Container Attached Storage (CAS)

This is the documentation for OpenEBS Docs 3.10.x, which is no longer actively maintained.

See the latest version (4.4.x) to view the latest documentation.

What is CAS?#

Container Attached Storage(CAS) is software that includes microservice based storage controllers that are orchestrated by Kubernetes. These storage controllers can run anywhere that Kubernetes can run which means any cloud or even bare metal server or on top of a traditional shared storage system. Critically, the data itself is also accessed via containers as opposed to being stored in an off platform shared scale out storage system.

CAS is a pattern very much in line with the trend towards disaggregated data and the rise of small, autonomous teams running small, loosely coupled workloads. For example, my team might need Postgres for our microservice, and yours might depend on Redis and MongoDB. Some of our use cases might require performance, some might be gone in 20 minutes, others are write intensive, others read intensive, and so on. In a large organization, the technology that teams depend on will vary more and more as the size of the organization grows and as organizations increasingly trust teams to select their own tools.

CAS means that developers can work without worrying about the underlying requirements of their organizations' storage architecture. To CAS, a cloud disk is the same as a SAN which is the same as bare metal or virtualized hosts. Developers and Platform SREs don’t have meetings to select the next storage vendor or to argue for settings to support their use case, instead Developers remain autonomous and can spin up their own CAS containers with whatever storage is available to the Kubernetes clusters.

CAS reflects a broader trend of solutions – many of which are now part of Cloud Native Foundation – that reinvent particular categories or create new ones – by being built on Kubernetes and microservice and that deliver capabilities to Kubernetes based microservice environments. For example, new projects for security, DNS, networking, network policy management, messaging, tracing, logging and more have emerged in the cloud-native ecosystem and often in CNCF itself.

Advantages of CAS#

Agility#

Each storage volume in CAS has a containerized storage controller and corresponding containerized replicas. Hence, maintenance and tuning of the resources around these components are truly agile. The capability of Kubernetes for rolling upgrades enables seamless upgrades of storage controllers and storage replicas. Resources such as CPU and memory can be tuned using container cGroups.

Granularity of Storage Policies#

Containerizing the storage software and dedicating the storage controller to each volume brings maximum granularity in storage policies. With CAS architecture, you can configure all storage policies on a per-volume basis. In addition, you can monitor storage parameters of every volume and dynamically update storage policies to achieve the desired result for each workload. The control of storage throughput, IOPS, and latency increases with this additional level of granularity in the volume storage policies.

Avoids Lock-in#

Avoiding cloud vendor lock-in is a common goal for many Kubernetes users.
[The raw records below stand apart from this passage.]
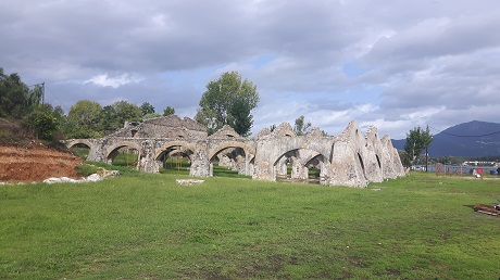 Das Plätschern hat ebenso unvermittelt aufgehört, wie es begonnen hat und ich traue mich aus dem Hotel. Ich nutze die Gelegenheit, um mir die venezianische Werft anzusehen. Ein erster Versuch scheiterte. Ich folgte einem Wegweiser von der Hauptstraße, wurde allerdings von einem Bauzaun gestoppt. Seit einem Erdbeben darf die Ruine nicht mehr betreten werden. Diesmal versuchte ich es erfolgreich von der anderen Seite.
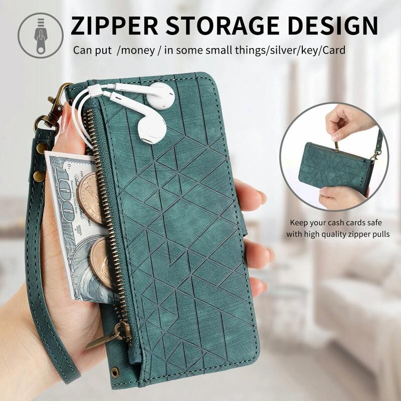 Για OPPO Βρείτε X7 Ultra γεωμετρική φερμουάρ πορτοφόλι πλευρά πόρπη δερμάτινη θήκη τηλεφώνου (πράσινο)
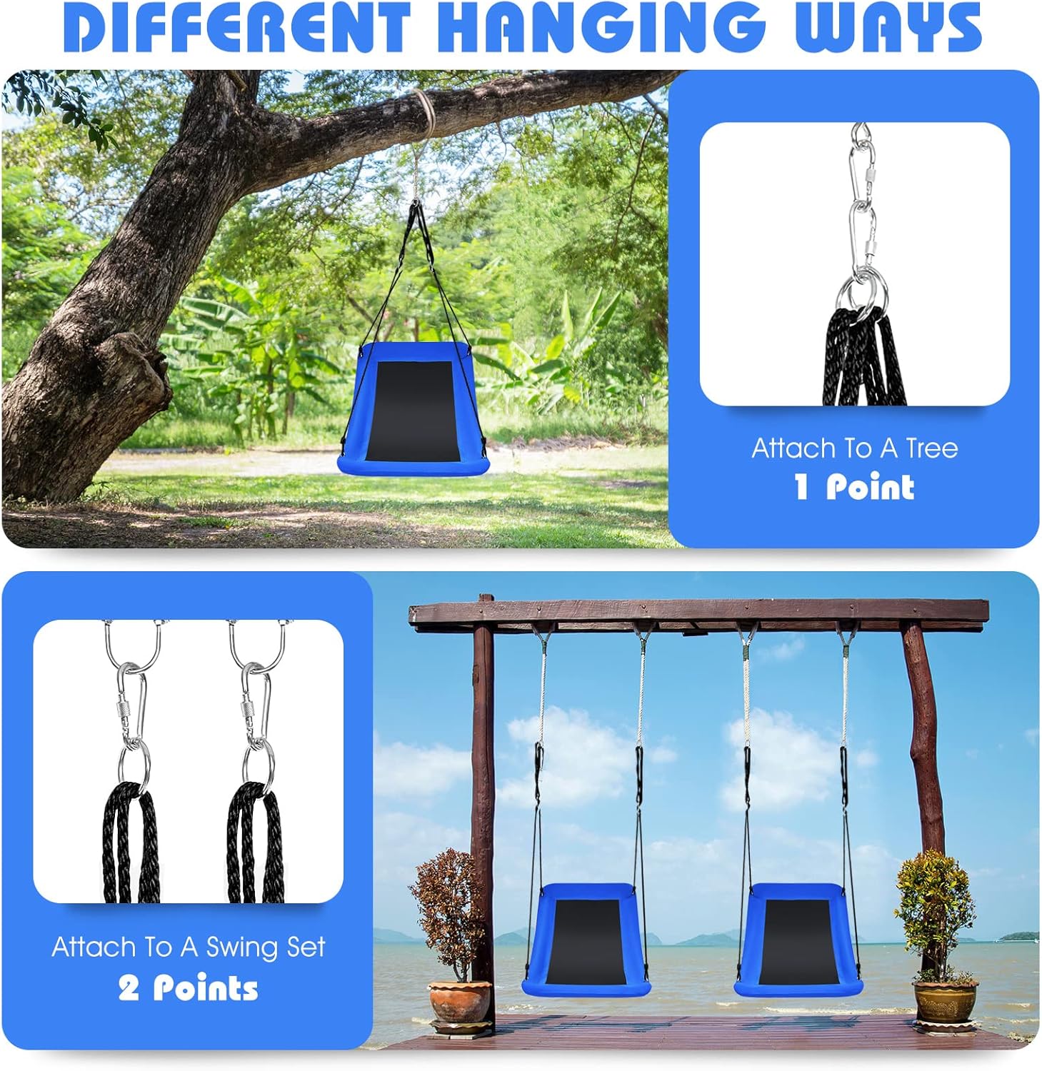 - Utilisations Larges : Nos balançoires sont incurvées, ce qui ajoute au plaisir des enfants. Et la balançoire est suffisamment spacieuse pour être utilisée comme hamac et peut accueillir 2 à 3 enfants en même temps. Vous pouvez utiliser la balançoire dans le jardin, balcon, parc.
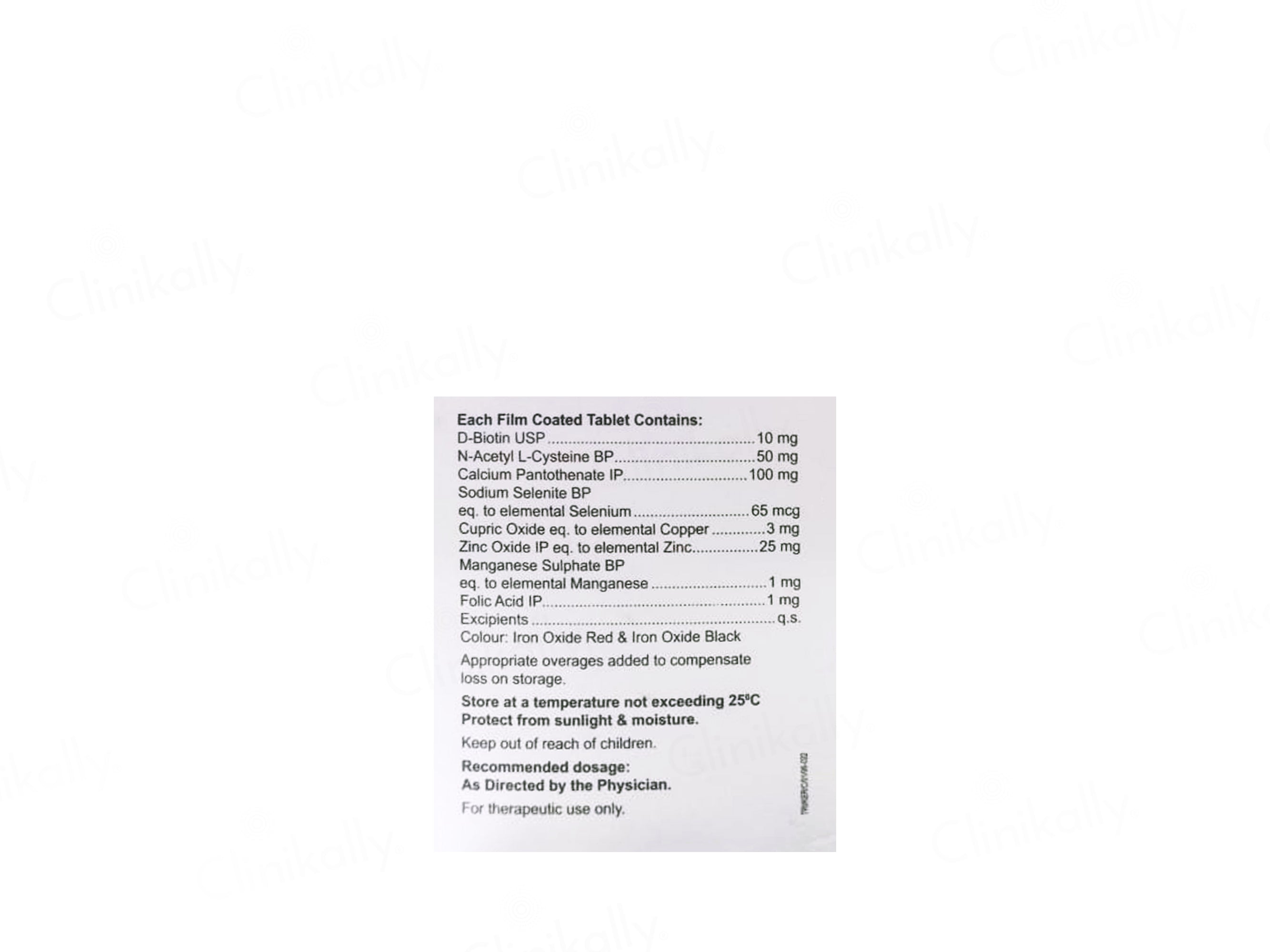Keraboost Tablet contains D-Biotin, Calcium pantothenate, Cupric Acid, Manganese Sulphate, Sodium Selenite, Zinc Oxide, Folic acid, and N-acetylcysteine L-Cysteine.

However, the data of stateful applications often remains dependent on the cloud provider and technology or on an underlying traditional shared storage system, NAS or SAN. With the CAS approach, storage controllers can migrate the data in the background per workload and live migration becomes simpler. In other words, the granularity of control of CAS simplifies the movement of stateful workloads from one Kubernetes cluster to another in a non-disruptive way.

Cloud Native#

CAS containerizes the storage software and uses Kubernetes Custom Resource Definitions (CRDs) to represent low-level storage resources, such as disks and storage pools. This model enables storage to be integrated into other cloud-native tools seamlessly. The storage resources can be provisioned, monitored, and managed using cloud-native tools such as Prometheus, Grafana, Fluentd, Weavescope, Jaeger, and others.

Similar to hyperconverged systems, storage and performance of a volume in CAS are scalable. As each volume has it's own storage controller, the storage can scale up within the permissible limits of a storage capacity of a node. As the number of container applications increases in a given Kubernetes cluster, more nodes are added, which increases the overall availability of storage capacity and performance, thereby making the storage available to the new application containers. This process of scalability is similar to successful hyperconverged systems like Nutanix.

Lower blast radius#

Because the CAS architecture is per workload and components are loosely coupled, CAS has a much smaller blast radius than a typical distributed storage architecture.

CAS can deliver high availability through synchronous replication from storage controllers to storage replicas. The metadata required to maintain the replicas is simplified to saving the information of the nodes that have replicas and information about the status of replicas to help with quorum. If a node fails, the storage controller, which is a stateless container in this case, is spun on a node where second or third replica is running and data continues to be available. Hence, with CAS the blast radius is much lower and also localized to the volumes that have replicas on that node.